══ Records for processing

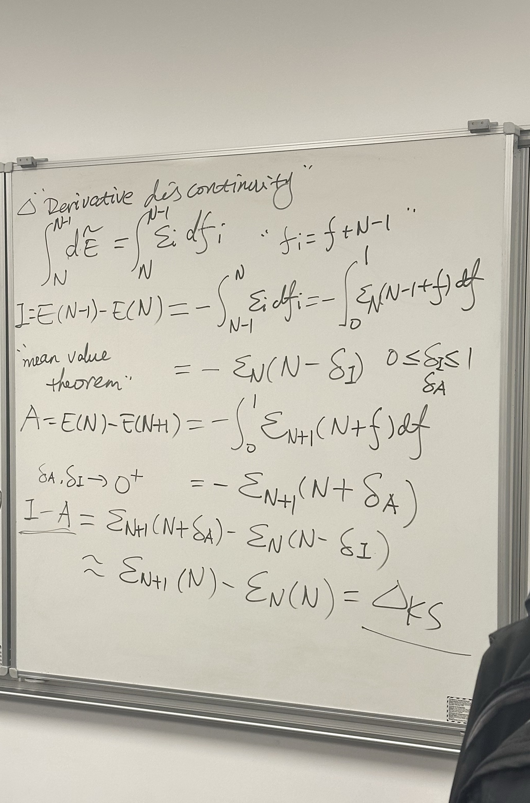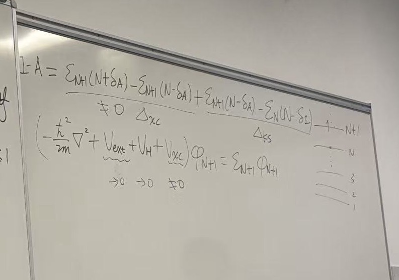 - The Fundamental Gap (\(I - A\)): \[I - A = \mathcal{E}_{N+1}(N+\delta) - \mathcal{E}_{N}(N-\delta)\] (Note: The handwriting for the specific subscripts here is a bit quick, but it generally describes the difference in energy derivatives as \(\delta \to 0^+\), known as \(\Delta_{KS}\) or the Kohn-Sham gap correction).
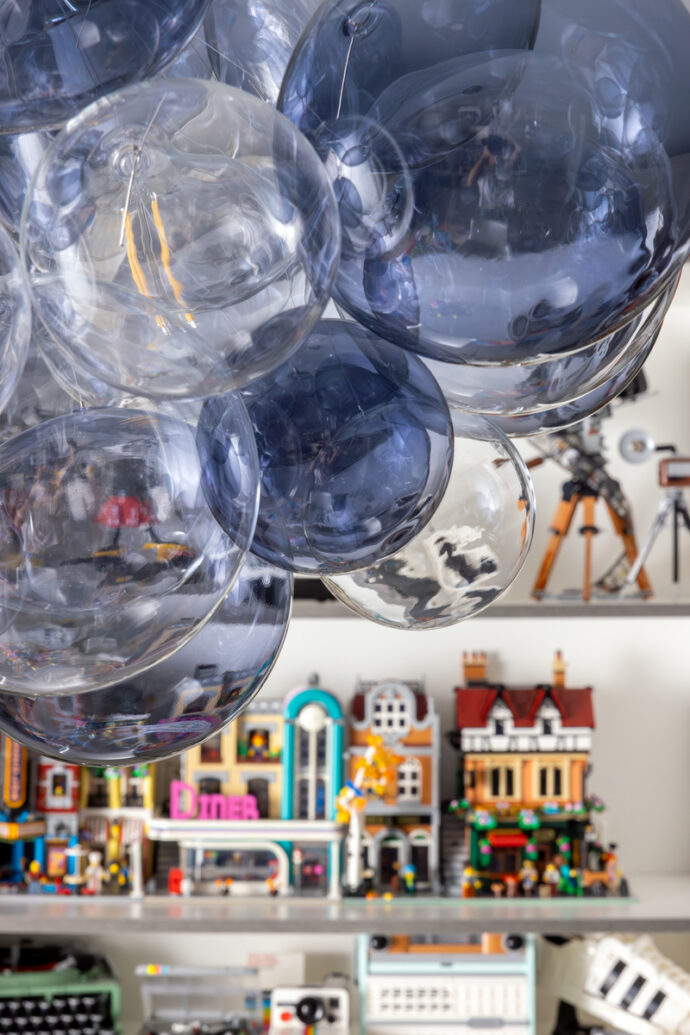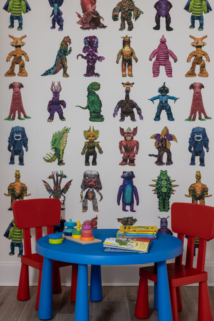 Custom built-ins anchor the main living areas, transforming Lego collections into an organized and intentional display. These moments of play are balanced with tailored furnishings, sculptural lighting, and a restrained material palette, allowing the home to feel elevated while still entirely functional. A vibrant, Lego-inspired rug introduces color and energy, grounding the space and reinforcing the home’s playful spirit.
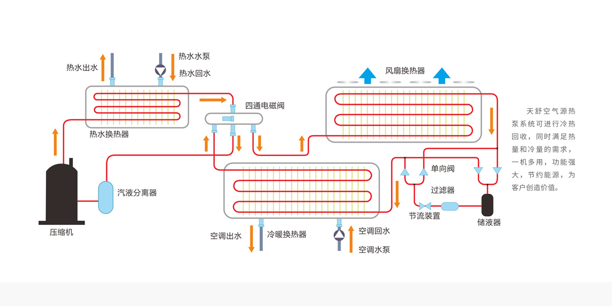 在休閑餐飲行業(yè),比如夏季酒店,需求生活熱水的同時(shí),也需要房間制冷,熱泵可將房間熱量收集用于制熱水,同時(shí)制取冷熱水,一機(jī)多用,高效節(jié)能。
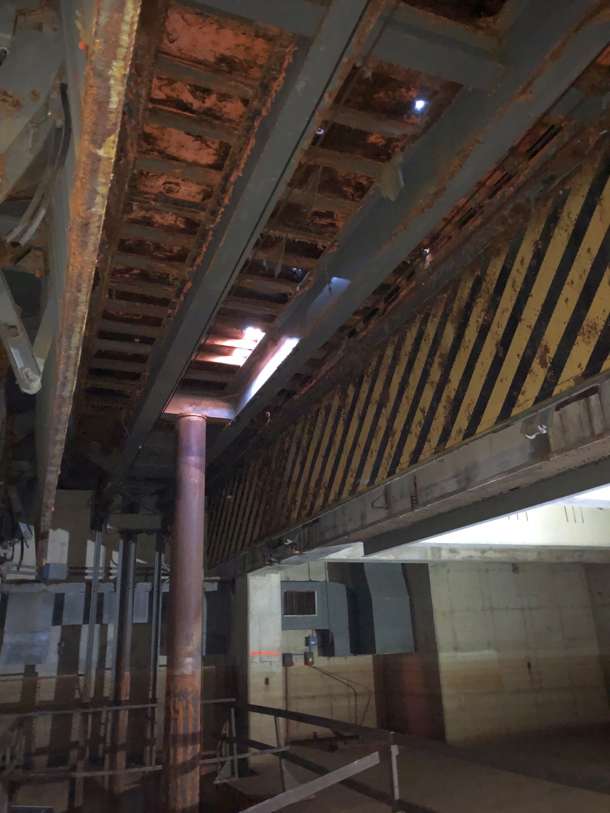 An 11/16/19 photo by Paul Freeman looking up from the underground interior of the Granite BA-79 Launch Site's southwest Nike Ajax magazine at the bottom of the elevated missile elevator.
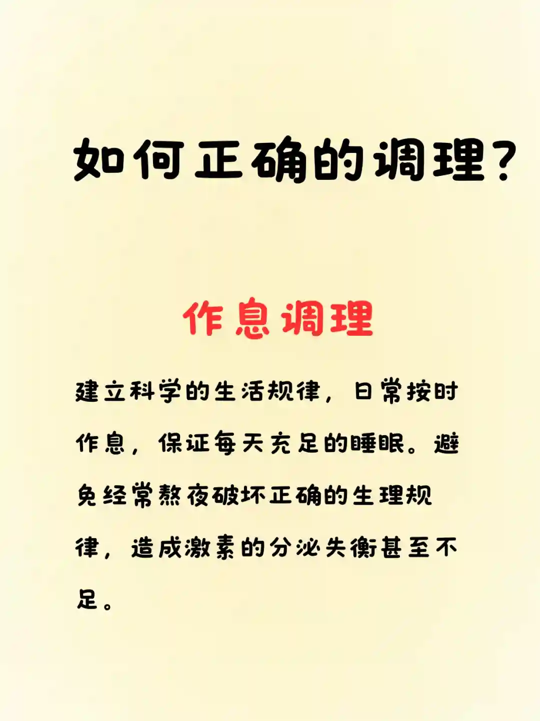 建立科学的生活规律,日常按时作息,保证每天充足的睡眠。避免经常熬夜破坏正确的生理规律,造成激素的分泌失衡甚至不足。
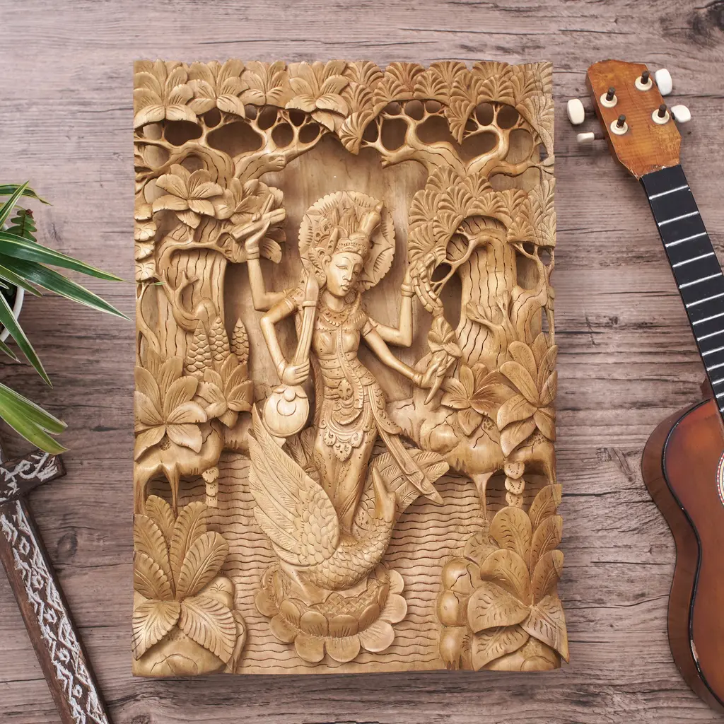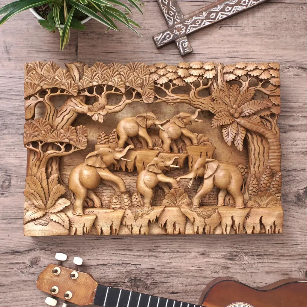 Elephants In Forest Wood Carved Wall Panel, Tropical Asiana Home Decor
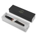 Roller Parker IM Professionals má tělo a víčko pokryté černým lakem, potažené pomocí techniky PVD odolnou matně černou vrstvou. Víčko a dolní úchopovou část zdobí výrazný oranžový prstenec.
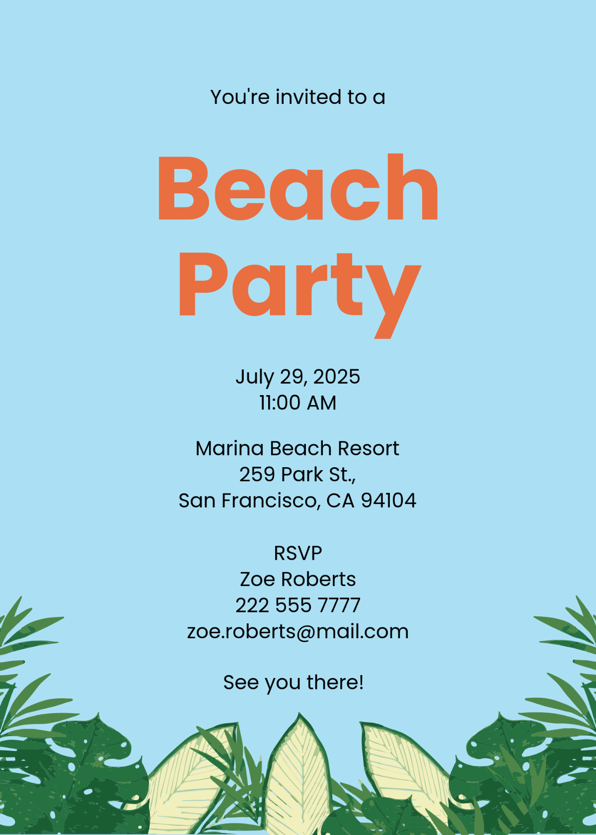 Whether you’re hosting a birthday bash, a summer BBQ, or just a casual get-together by the shore, our beach party invitation templates are sure to impress your guests and get them excited for the festivities ahead.
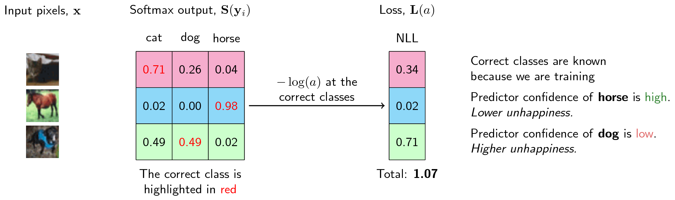 실제 softmax을 쓸 때는 negative log-likelihood(NLL)와 사용됩니다. 이 loss function은 softmax와 관계에서 굉장히 흥미롭습니다. 우선, 우리의 loss function은 아래와 같습니다.
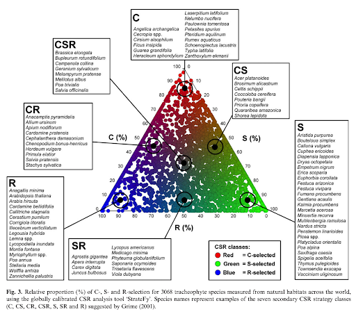 Grimes CSR model of vegetation function (after Grime 1974). Selected ...
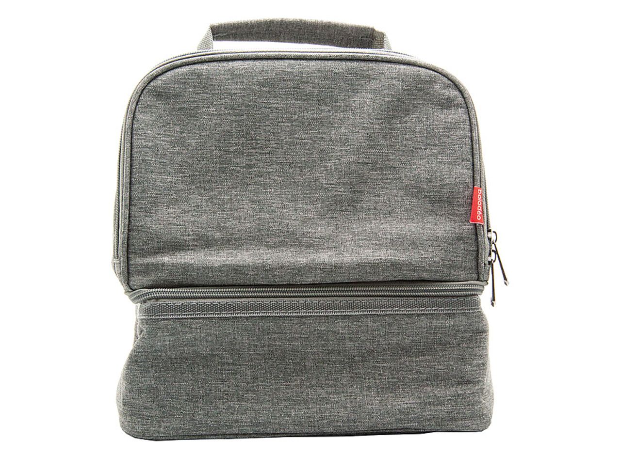 Double compartment insulated bag in heather grey RPET fabric. Size of the upper compartment: 25x20x16cm. Size of the lower compartment: 25x20x9cm. Suitable for all our bento models. 3mm thick insulation. Shoulder strap. Possibility to insert a business card. Reinforced and padded handles for a better grip. Zipped closure. Capacity: 12,5 L.
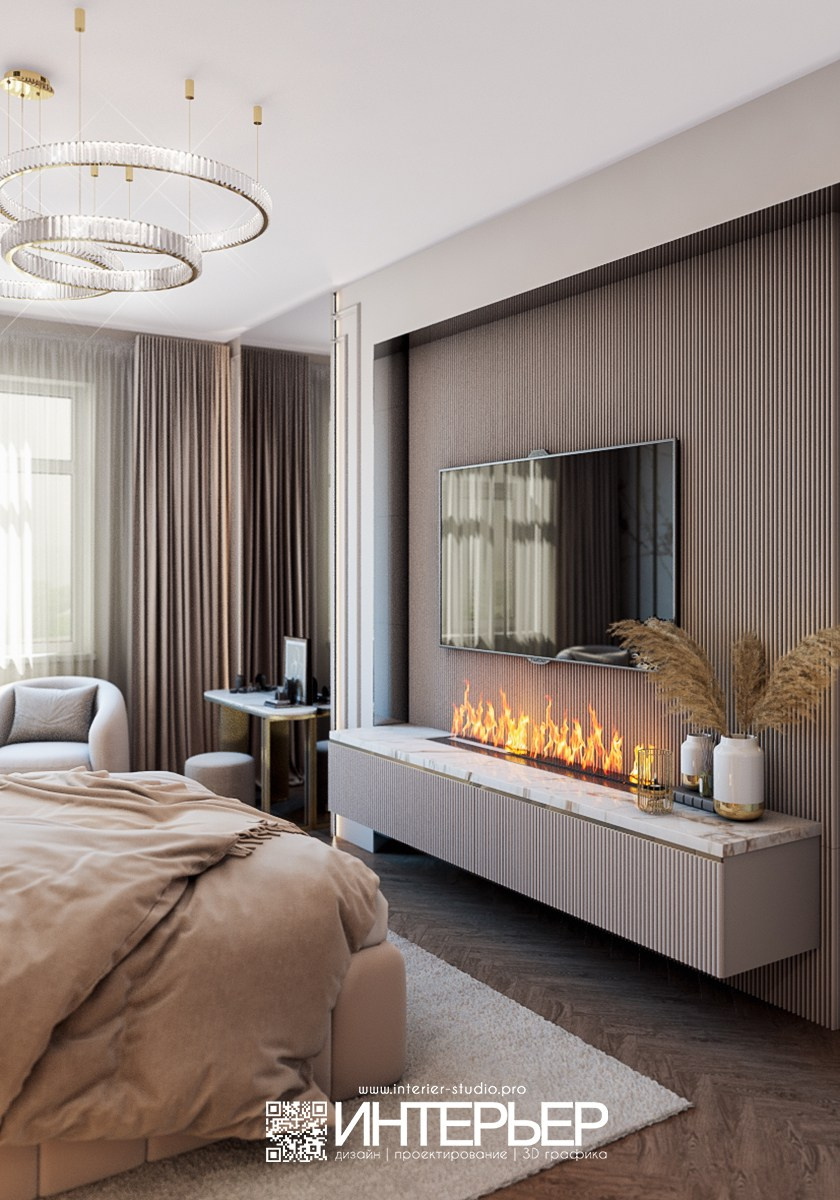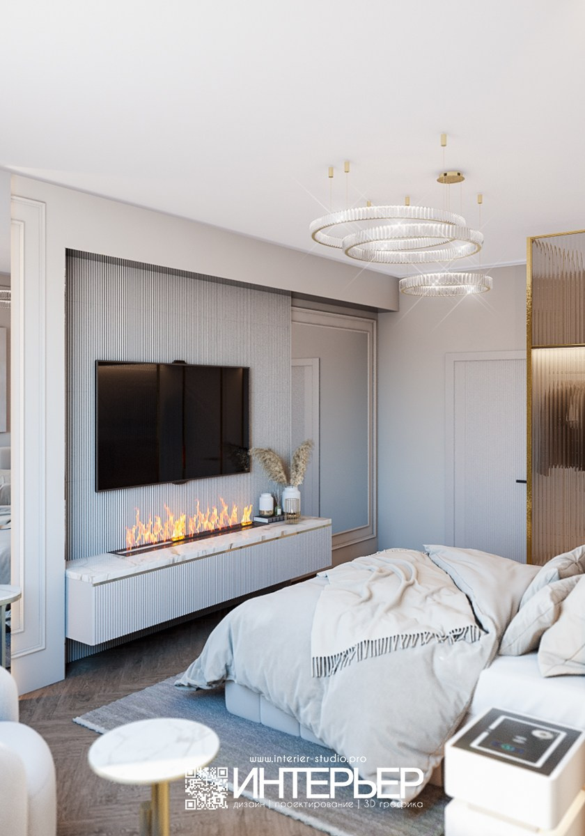 В зоне ТВ предусмотрена ТВ-тумба с встраиваемым паровым камином — он полностью безопасен, не нагревается и дополнительно работает как увлажнитель воздуха, создавая уютную атмосферу.
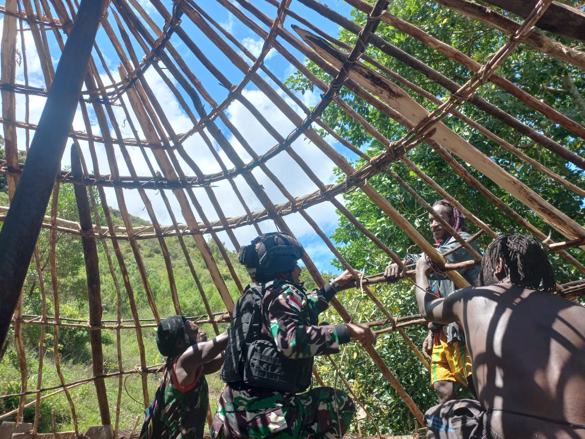 Pilarportal.com – Papua – Bulan suci Ramadhan tahun ini diisi dengan banyak kegiatan positif dan inovatif oleh para prajurit yang tergabung dalam Satgas Pamtas RI-PNG Kewilayahan Yonif Raider 712/Wiratama. Salah satu bentuk kegiatannya yaitu membantu masyarakat Papua membuat Honai ( Rumah tradisional khas Papua ) di Distrik Kalome, Kabupaten Puncak Jaya, Papua. (Kamis, 30 Maret 2023)
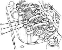6松開(kāi)所有搖臂(8)上的螺母(7)。擰松所有搖臂(8)上的調節器(6),直到所有氣門(mén)完全閉合。
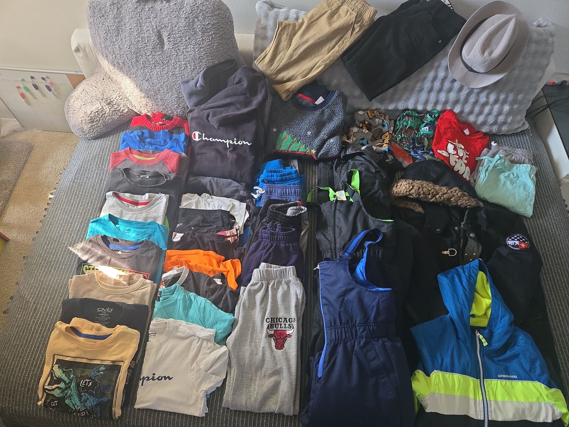 Size 10-12 10 long sleeves shirts, 8 short sleeves shirts, 2 hoodies, 5 pajamas, 2 shorts, 2 casual pants, 1 hat, 6 pants, 3 snow pants, 2 winter jackets Everything for $100
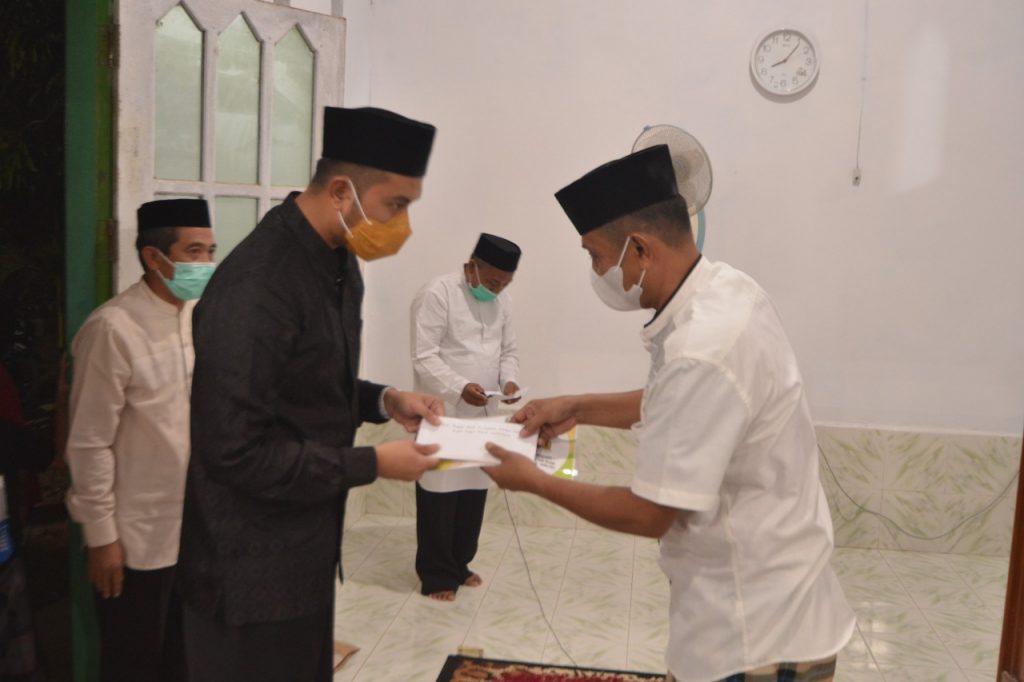 Bantuan keagamaan tersebut diterima langsung oleh pengurus masjid Ar-Ruum disaksikan para jemaah dan warga setempat.
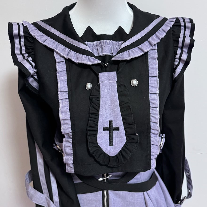 主な装飾として、フリル付きのセーラー襟、十字架の刺繍が入ったネクタイ、前面の銀色ボタン、スカートの交差する黒い装飾ベルトがあります。
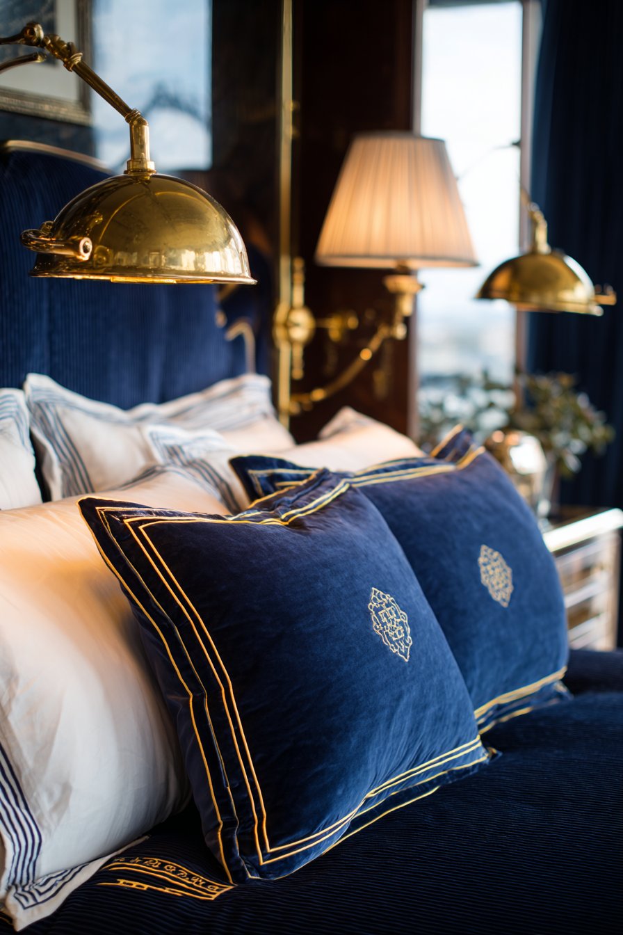 Brass pharmacy lamps with adjustable arms mount to the headboard. They provide reading light without requiring a nightstand space. Interior design photography with warm artificial lighting captures tailored luxury. The precise detailing becomes apparent in close examination. Accurate color representation shows the navy velvet’s true depth.
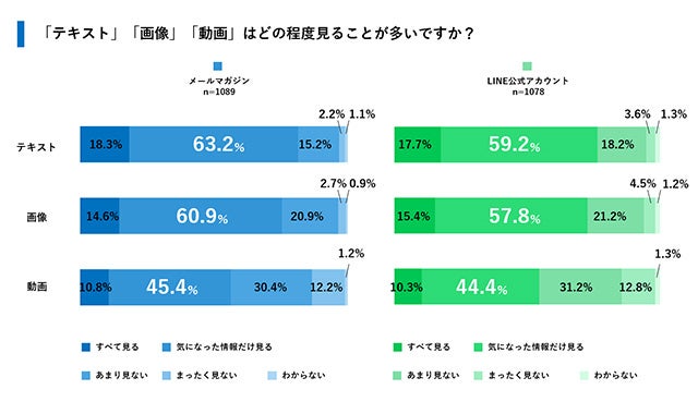 メールマガジンとLINE、双方でテキスト・画像・動画をどの程度見ているか、という質問では、「すべて見る」「気になった情報だけ見る」と回答した割合を見ると、テキスト・画像・動画ともにメールマガジンのほうがより見られていることがわかりました。一方で画像に関しては「すべて見る」を選択した割合がLINEのほうが多くなっており、クーポンを含めた画像情報への注目度は高いことが伺えます。

════

Assignment:
Make an exact copy of the lines above, beginning with the line with "建立科学的生活规律,日常按时" and ending with the line with "Roller Parker IM", and keep the pictures out of it.

Response:
 建立科学的生活规律,日常按时作息,保证每天充足的睡眠。避免经常熬夜破坏正确的生理规律,造成激素的分泌失衡甚至不足。
 Elephants In Forest Wood Carved Wall Panel, Tropical Asiana Home Decor
 Roller Parker IM Professionals má tělo a víčko pokryté černým lakem, potažené pomocí techniky PVD odolnou matně černou vrstvou. Víčko a dolní úchopovou část zdobí výrazný oranžový prstenec.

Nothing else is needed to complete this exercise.